Creating a Hadoop Ecosystem on Google Cloud

Creating a Budget Notification

Budgets & Notifications -> Create Budget Name of Project

Projects - Select

[Services you want to be notified]

Create budget - Value - [Percentages of Progress you want to be alerted]

Enable APIs

When you use a service, the first step is to activate the API of this service.

Menu -> Computer Engine -> VM Instance -> Activate API

VM Instance -> Create Instance

[Name; Region; Zone]

[Machine type E2 configuration]

[OS image; Version; storage]

Service account - says which services the machine can access

Good practice: Create a new service account only with the services you will use.

Firewall: [ports].

SSH; local host name;

CREATE

It gives an internal and external IP.

You can access the machine by SSH, Cloud Shell;

gcloud compute instances list
gcloud compute ssh machine_name --zone-us-central1-a

Dataproc

Create a Dataproc Cluster (Console & SDK)

Menu -> Big Data -> Dataproc

Activate Dataproc API

Clusters; Jobs; Workflows; AutoScale Police (cluster increases power in acord with a threshold); Components; MetaStore (metadata); Notebooks (Jupyter).

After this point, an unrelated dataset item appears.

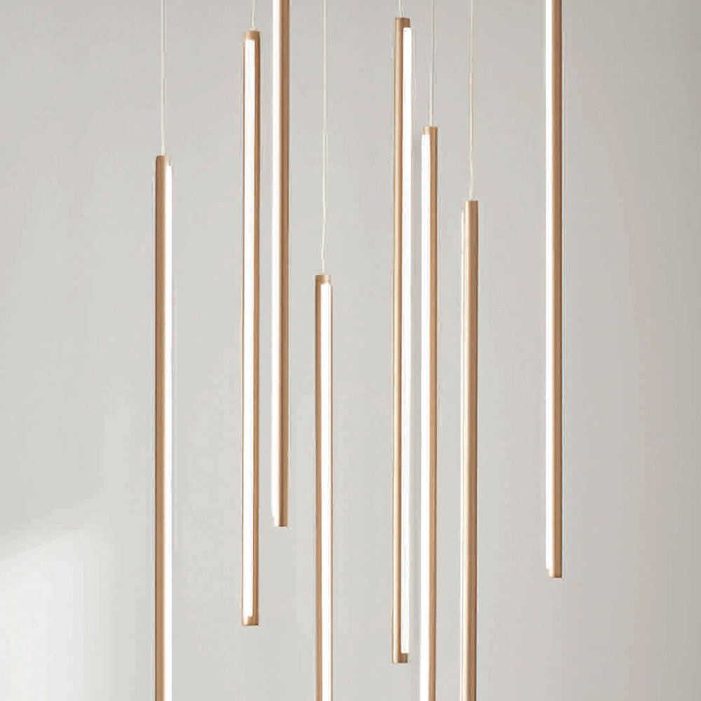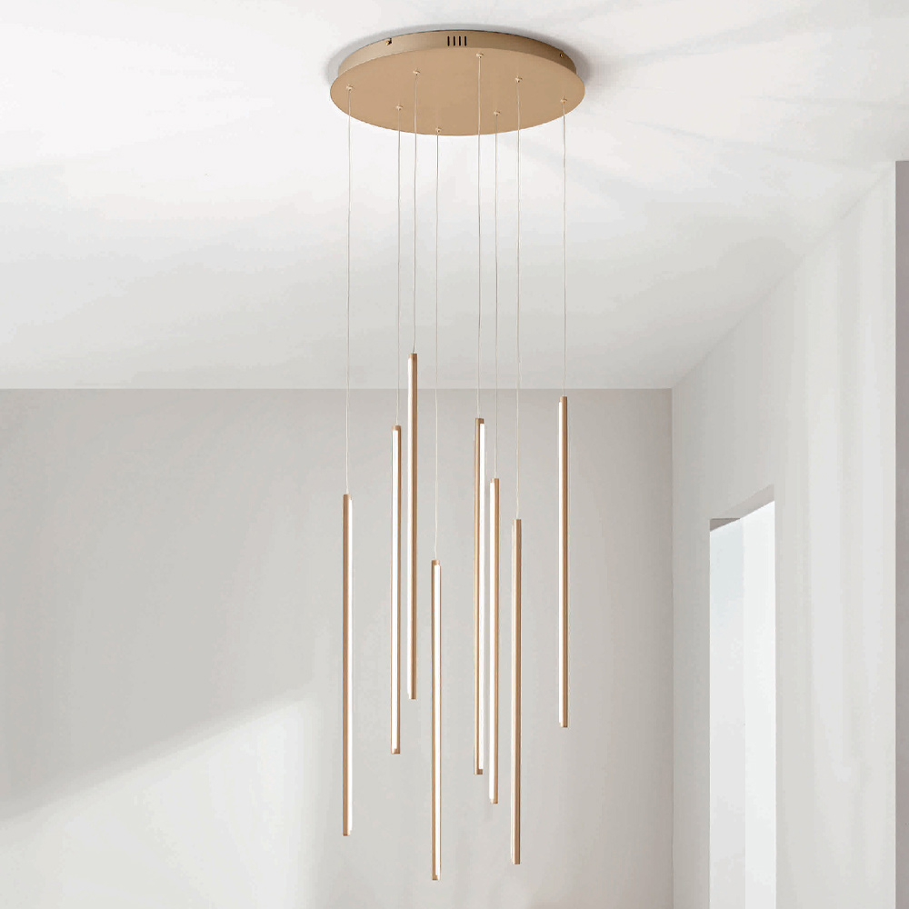Komplett in Italien hergestellterKronleuchter aus goldfarben lackiertem Metall mit dimmbarem LED-Licht und längenverstellbaren Kabeln . Ziel dieses Produkts ist es, die Tradition durch einen zeitgenössischen Ansatz aufzuwerten, bei dem Stil, Klasse und Innovation zu neuen Designformeln verschmelzen, um jede Umgebung mit Geschmack und Charakter einzurichten und zu beleuchten. Stärken sind die Besonderheit der Formen , die Qualität der Materialien und die Einzigartigkeit der Lichtquelle .

Create bucket (places you can put data, when you execute a code, you point to this bucket)- Cloud Storage
Create range - Type of local - options of storage - Access Control - Cryptography
Create Cluster
- Custer_name
- Master and Workers
- Auto-scale
- Hadoop Versions
- Components - Gateway - Web interfaces - activate components gateway - google will generate a link to the interface.
- Components - you can include additional components - Jupyter Notebook; Zeppelin Notebook; Zoekeeper.
Machine type
- Machine Type
- Storage
- Number of Workers
- Secondary Nodes - processing nodes (does not contain data)
Personalize Cluster
- Only intern IP
- Metastore
- Cluster Property - you can change Hadoop settings
- Inicialization Actions - script when you start the cluster
- Program exclusion of the Cluster
- Bucket of Cloud Storage preparation - bucket dataproc puts configuration files and etc.

It created a bucket for specific information of the cluster - Bucket of Cloud Storage Preparation (click to access).

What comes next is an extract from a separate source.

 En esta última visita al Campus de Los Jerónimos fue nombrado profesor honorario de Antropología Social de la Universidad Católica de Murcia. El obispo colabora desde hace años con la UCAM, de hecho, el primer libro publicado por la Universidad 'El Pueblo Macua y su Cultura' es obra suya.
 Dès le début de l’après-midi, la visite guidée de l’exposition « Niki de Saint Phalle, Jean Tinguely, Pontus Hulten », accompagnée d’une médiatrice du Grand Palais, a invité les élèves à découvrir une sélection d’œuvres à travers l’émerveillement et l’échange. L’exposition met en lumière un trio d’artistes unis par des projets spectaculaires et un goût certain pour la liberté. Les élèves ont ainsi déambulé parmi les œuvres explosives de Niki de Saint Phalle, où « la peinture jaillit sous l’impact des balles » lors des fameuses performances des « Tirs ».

Open cluster - Monitoring Screen - Jobs, VM, Web Interface (component gateway)

Compute Engine - you can access virtual machines.

Menu -> Dataproc -> Send job -> ID, Name, Type, Class (org.apache.spark.examples.SparkPi), jar files (file://usr/lib/spark/examples/jars/spark-example.jar), arguments(1000) - SEND

It can be also executed by ssh or Cloud-shell

Running a Workload

Open Cloud Shell in GCP
Clone repository with the files that will be used in the workload
Create bucket - it was already created - gsutil ls
Set script with the right name of the bucket and directory/file locations
Upload files in the bucket - gsutil cp scrip.py inputfile.txt gs://bucket_name
Execute script - Cluster -> Jobs -> Send Job -> [Job Name][Cluster Name][Job Type - PySpark][File - gs://bucket_name/script.py] -> SEND

It will create a folder with the results inside the Bucket.The folder contains a file with the log of the job and a file with the result.